Exercise objective -> A faithful, word-for-word copy of the data below is required, without pictures.

··· Provided records

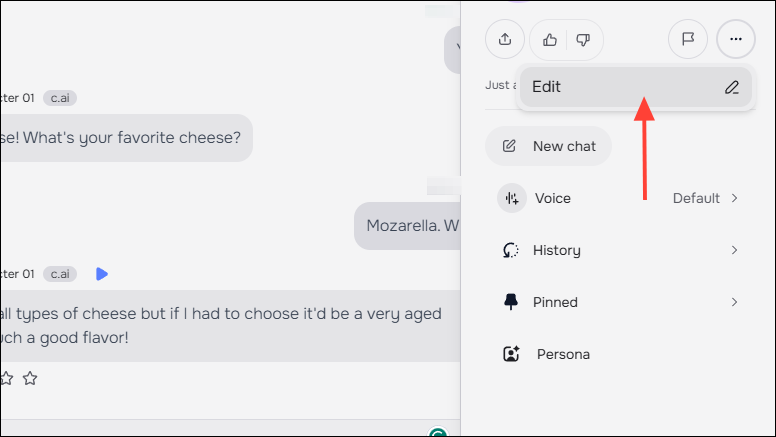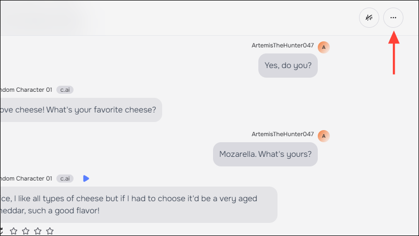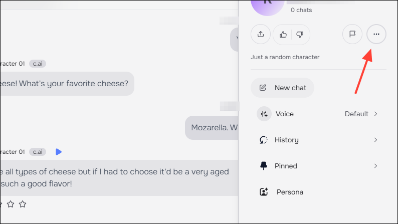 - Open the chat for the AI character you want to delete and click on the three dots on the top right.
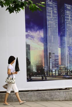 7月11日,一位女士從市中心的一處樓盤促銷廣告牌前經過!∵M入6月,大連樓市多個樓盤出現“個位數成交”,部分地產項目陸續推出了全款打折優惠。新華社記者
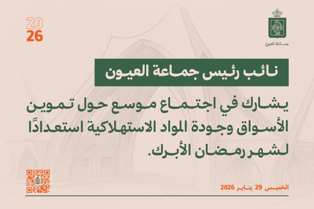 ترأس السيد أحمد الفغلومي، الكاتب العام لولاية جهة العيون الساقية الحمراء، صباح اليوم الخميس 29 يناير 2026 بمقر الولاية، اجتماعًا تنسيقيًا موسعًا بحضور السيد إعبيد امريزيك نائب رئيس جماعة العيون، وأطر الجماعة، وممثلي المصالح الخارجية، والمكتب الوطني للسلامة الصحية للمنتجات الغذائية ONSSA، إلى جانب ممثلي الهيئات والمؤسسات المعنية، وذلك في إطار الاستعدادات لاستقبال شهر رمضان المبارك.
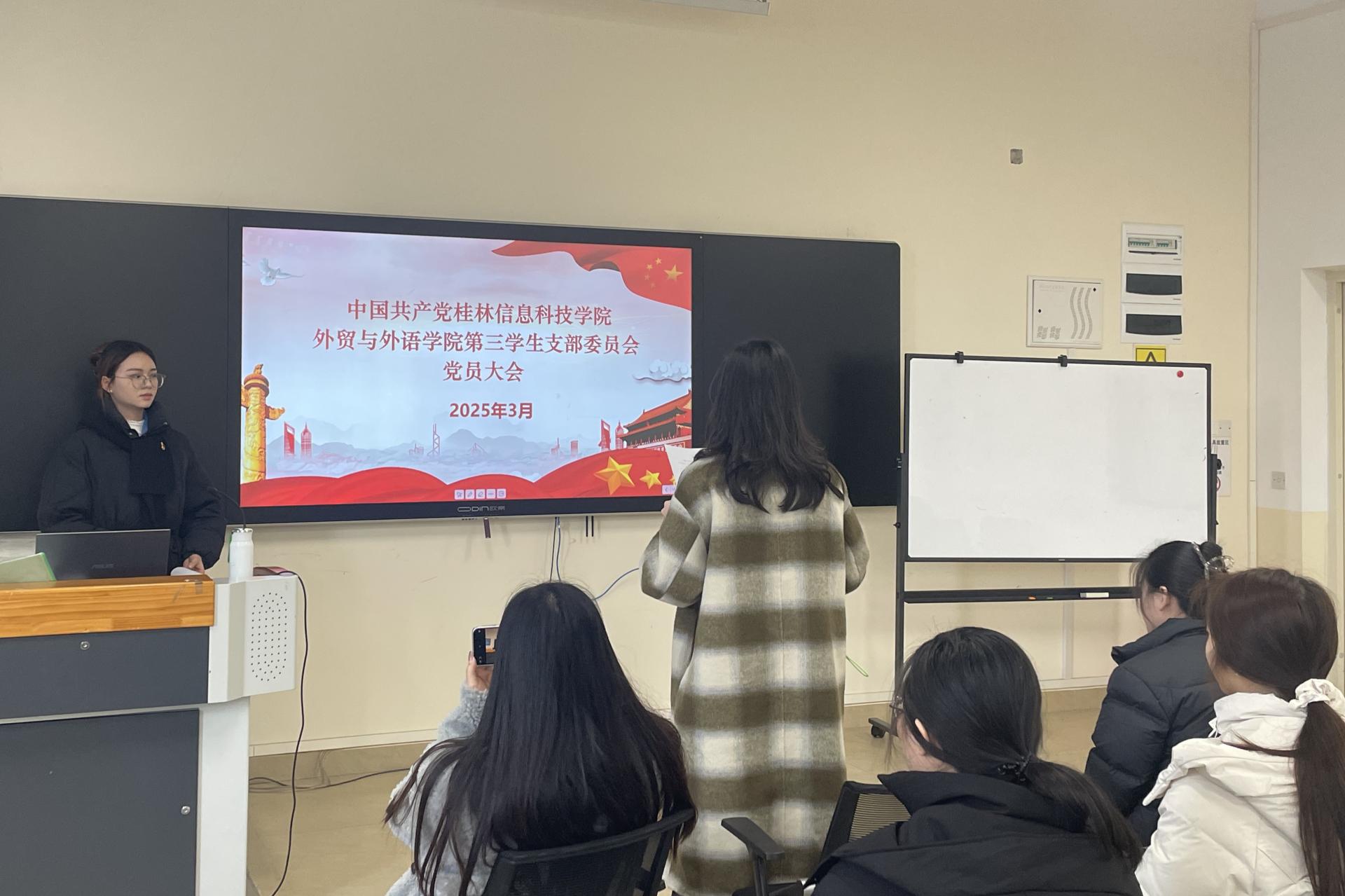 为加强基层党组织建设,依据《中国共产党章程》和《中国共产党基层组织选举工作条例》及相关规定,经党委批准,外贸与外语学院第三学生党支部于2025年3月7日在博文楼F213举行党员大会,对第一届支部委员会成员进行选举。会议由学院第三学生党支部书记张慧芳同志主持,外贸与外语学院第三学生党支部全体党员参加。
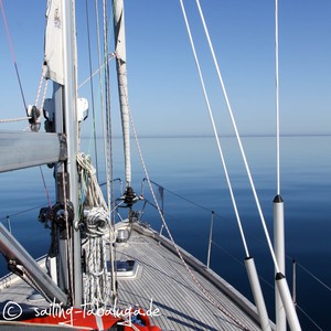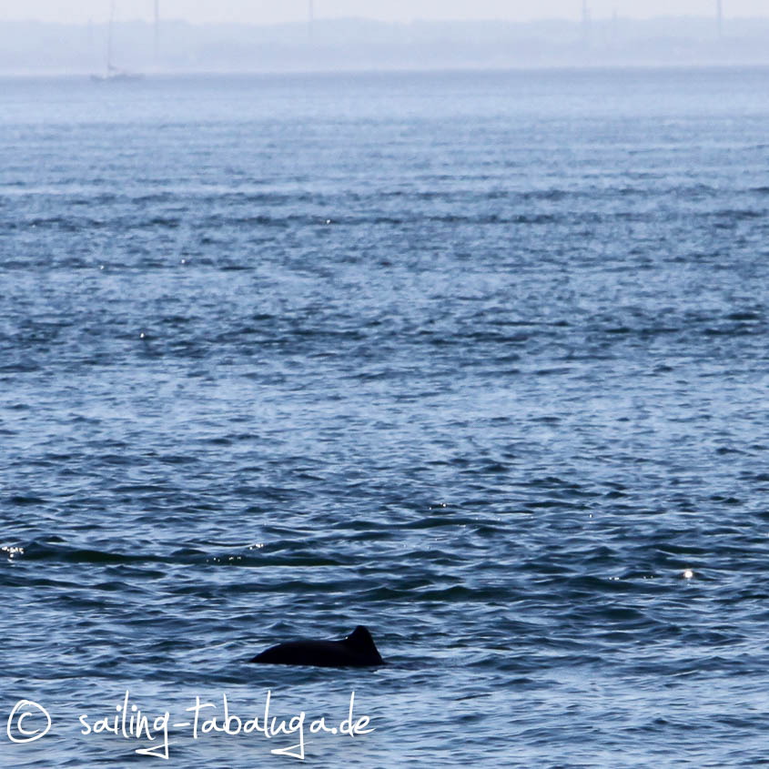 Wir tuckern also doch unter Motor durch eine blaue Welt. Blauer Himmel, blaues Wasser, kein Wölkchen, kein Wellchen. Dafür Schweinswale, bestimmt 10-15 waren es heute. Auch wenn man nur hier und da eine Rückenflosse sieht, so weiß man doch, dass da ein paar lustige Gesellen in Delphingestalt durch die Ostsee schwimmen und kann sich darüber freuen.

······

Solution to this problem ->
 - Open the chat for the AI character you want to delete and click on the three dots on the top right.
 7月11日,一位女士從市中心的一處樓盤促銷廣告牌前經過!∵M入6月,大連樓市多個樓盤出現“個位數成交”,部分地產項目陸續推出了全款打折優惠。新華社記者
 ترأس السيد أحمد الفغلومي، الكاتب العام لولاية جهة العيون الساقية الحمراء، صباح اليوم الخميس 29 يناير 2026 بمقر الولاية، اجتماعًا تنسيقيًا موسعًا بحضور السيد إعبيد امريزيك نائب رئيس جماعة العيون، وأطر الجماعة، وممثلي المصالح الخارجية، والمكتب الوطني للسلامة الصحية للمنتجات الغذائية ONSSA، إلى جانب ممثلي الهيئات والمؤسسات المعنية، وذلك في إطار الاستعدادات لاستقبال شهر رمضان المبارك.
 为加强基层党组织建设,依据《中国共产党章程》和《中国共产党基层组织选举工作条例》及相关规定,经党委批准,外贸与外语学院第三学生党支部于2025年3月7日在博文楼F213举行党员大会,对第一届支部委员会成员进行选举。会议由学院第三学生党支部书记张慧芳同志主持,外贸与外语学院第三学生党支部全体党员参加。
 Wir tuckern also doch unter Motor durch eine blaue Welt. Blauer Himmel, blaues Wasser, kein Wölkchen, kein Wellchen. Dafür Schweinswale, bestimmt 10-15 waren es heute. Auch wenn man nur hier und da eine Rückenflosse sieht, so weiß man doch, dass da ein paar lustige Gesellen in Delphingestalt durch die Ostsee schwimmen und kann sich darüber freuen.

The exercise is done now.